Romney: Condorcet Winner?

Romney polls the winner in any head-to-head matchup within the GOP candidiate pool.

I have been meaning to write a post testing Newt Gingirch’s claim that if Santorum would drop out that Newt could then lead a unified conservative attack against Mitt Romney.  Some early polling that I had seen seemed to indicate, however, that Romney was a fairly consistent second place choice for the bulk of GOP voters.  That would mean, therefore, that while a Santorum exit might increase Newt’s support base, it would also help Romney’s.

Patience (or procrastination/busyness/whatever) can be a virtue, because instead of looking at cross tabs, I can now look at poll that has specifically tested this proposition.

Rasmussen’s latest poll shows the following at the national level:

Gingrich remains Romney’s strongest rival, even when the race is reduced to a two-candidate faceoff. When it’s Romney versus the former House speaker with no other candidates in the contest, it’s Romney 46% to Gingrich’s 40%.
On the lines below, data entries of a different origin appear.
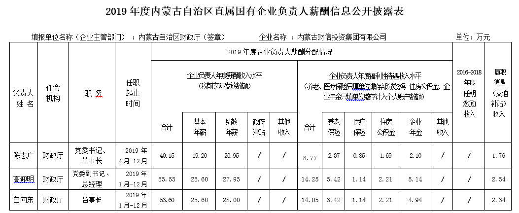 2019年度內(nèi)蒙古自治區(qū)直屬國有企業(yè)負責人薪酬信息公開披露表
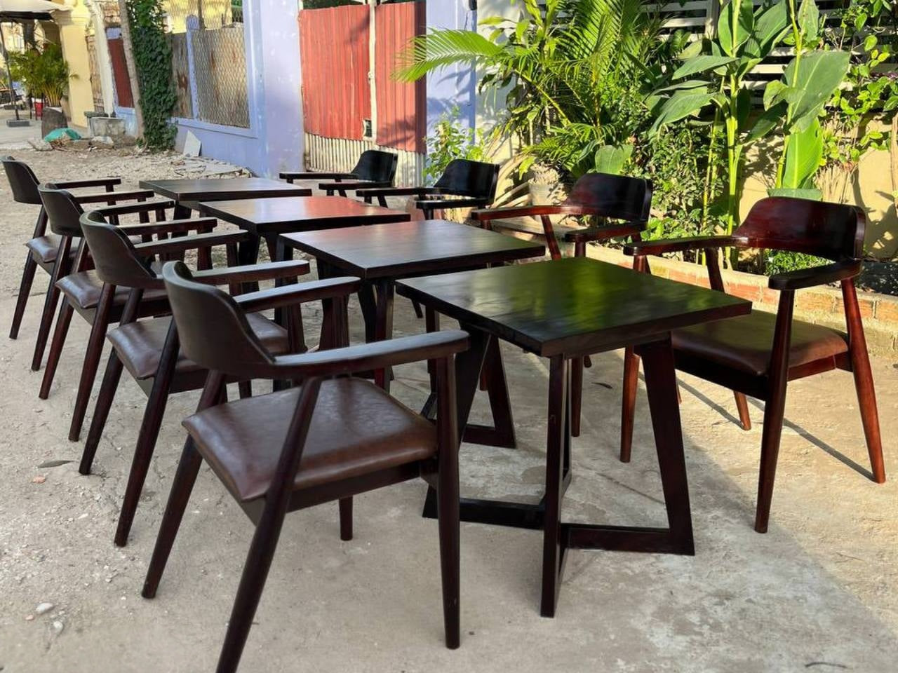 Upgrade your café, restaurant, or dining space with this elegant solid wood table and chair set, designed for durability, comfort, and modern style. Each piece is crafted from high-quality hardwood with a smooth dark walnut finish, providing a warm and premium look suitable for indoor or outdoor use.
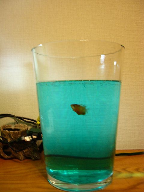 弱まっていたグラミーだが相変わらず餌にも食らいつかず、目の色がどんよりしてきた。バケツにではあるが隔離してみることにした(1匹だし酸素はアナバス系だからなくても大丈夫かなぁ。水温も季節的に大丈夫そうだし)。ついでにメチレンブルー液を少し垂らしたのでもしかしたら病気だったら治ってね!
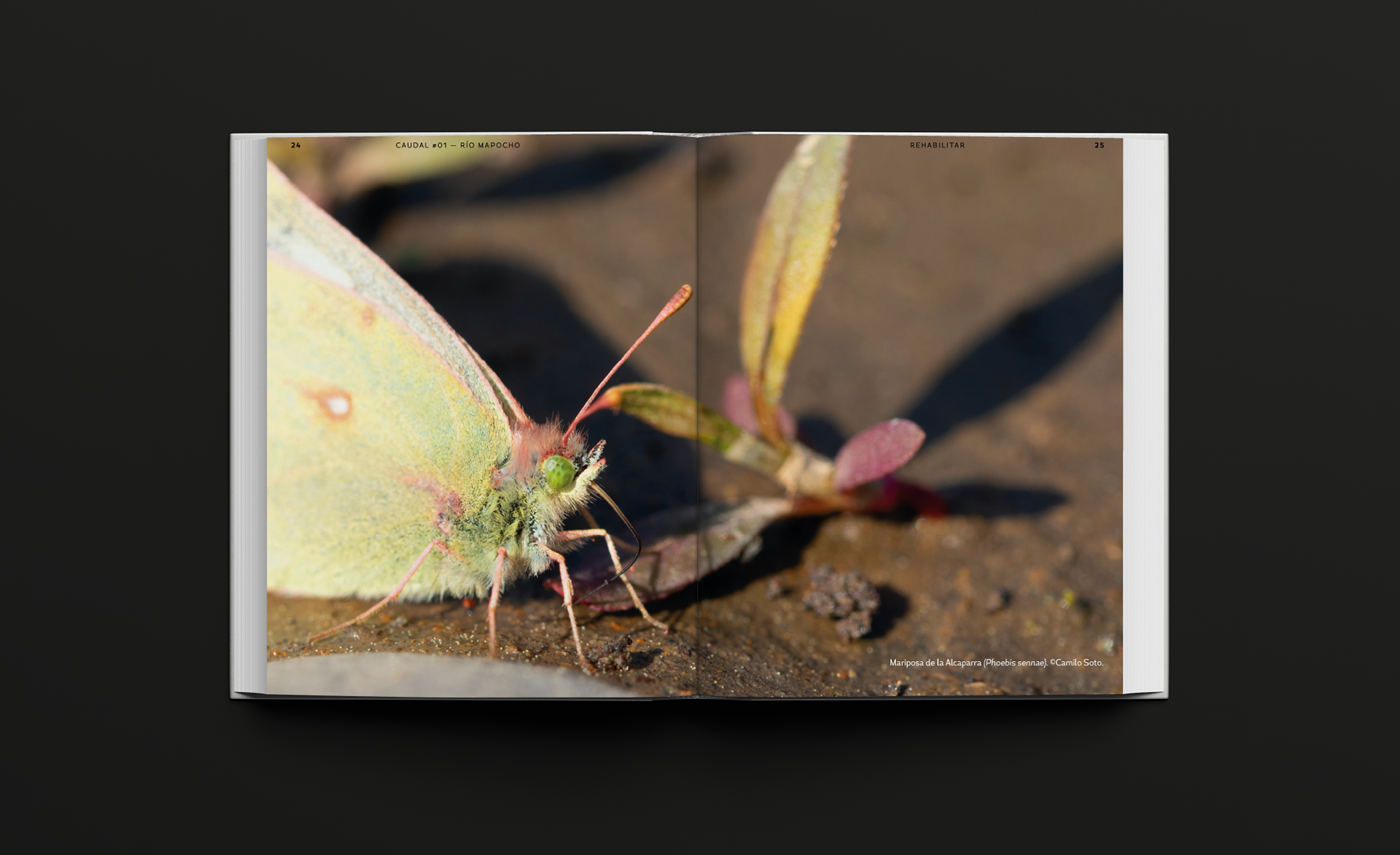 En esta primera edición de la revista, el protagonismo se lo lleva el Río Mapocho, el importantísimo cuerpo de agua que sustenta a la Región Metropolitana y que por años ha tenido la reputación de río sucio y sin vida. Es esa percepción la que esta edición de 'Caudal' busca cambiar, para mostrar la verdadera biodiversidad que no vemos pero que está ahí, a unos pasos de la ruidosa ciudad. Las primeras páginas muestran en blanco y negro lo que comunmente entendemos del Mapocho, para luego mostrarnos a todo color la riqueza que podemos encontrar, su historia, poemas y versos, la gran naturaleza que sostiene y finalmente una guía de campo que invita a explorar este valioso territorio.

Pitted against Santorum, Romney leads 50% to 38%.

The frontrunner holds a nearly two-to-one lead – 58% to 30% – over Paul in their one-to-one matchup.

The poll shows that at the moment (in the multi-candidate race), Mitt’s lead is seven points nationally.  As such, Newt’s theory of an anti-Romney coalition isproblematic, since the Newy v. Mitt number only improves Newt’s position vis-a-vis Mitt by a single percentage point.

Granted:  Newt is clearly the strongest of the challengers, but we knew that already.

(A Condorcet winner is one who, when paired in head-to-head contests in a pool of candidates wins all such pairwise contests.  Such a candidate may not be the plurality winner, however.  The only reason I provide a question mark in the title is that this is one poll-I am actually pretty sure that Romney is the Condorcet candidate in this pool–as well as the plurality favorite for that matter).

FILED UNDER: 2012 Election, US Politics, ,
Steven L. Taylor
About Steven L. Taylor
Steven L. Taylor is a Professor of Political Science and a College of Arts and Sciences Dean. His main areas of expertise include parties, elections, and the institutional design of democracies. His most recent book is the co-authored A Different Democracy: American Government in a 31-Country Perspective. He earned his Ph.D. from the University of Texas and his BA from the University of California, Irvine. He has been blogging since 2003 (originally at the now defunct Poliblog). Follow Steven on Twitter

Comments

  1. Tsar Nicholas says:

    I was surprised by this post, but only in the sense that I had assumed Gingrich and Santorum already had dropped out. That aside, this nominating contest was over the instant the polls closed in Florida. The remainder merely consists of window dressing and noise.

  2. WR says:

    Thanks for the new word!

  3. Tillman says:

    I get the idea Paul’s support would improve somewhat if Gingrich and Santorum dropped out, if only because the media would be forced to pay attention to him.

  4. RalfW says:

    Well, the news tonight out of MO, MN and CO will test your theory!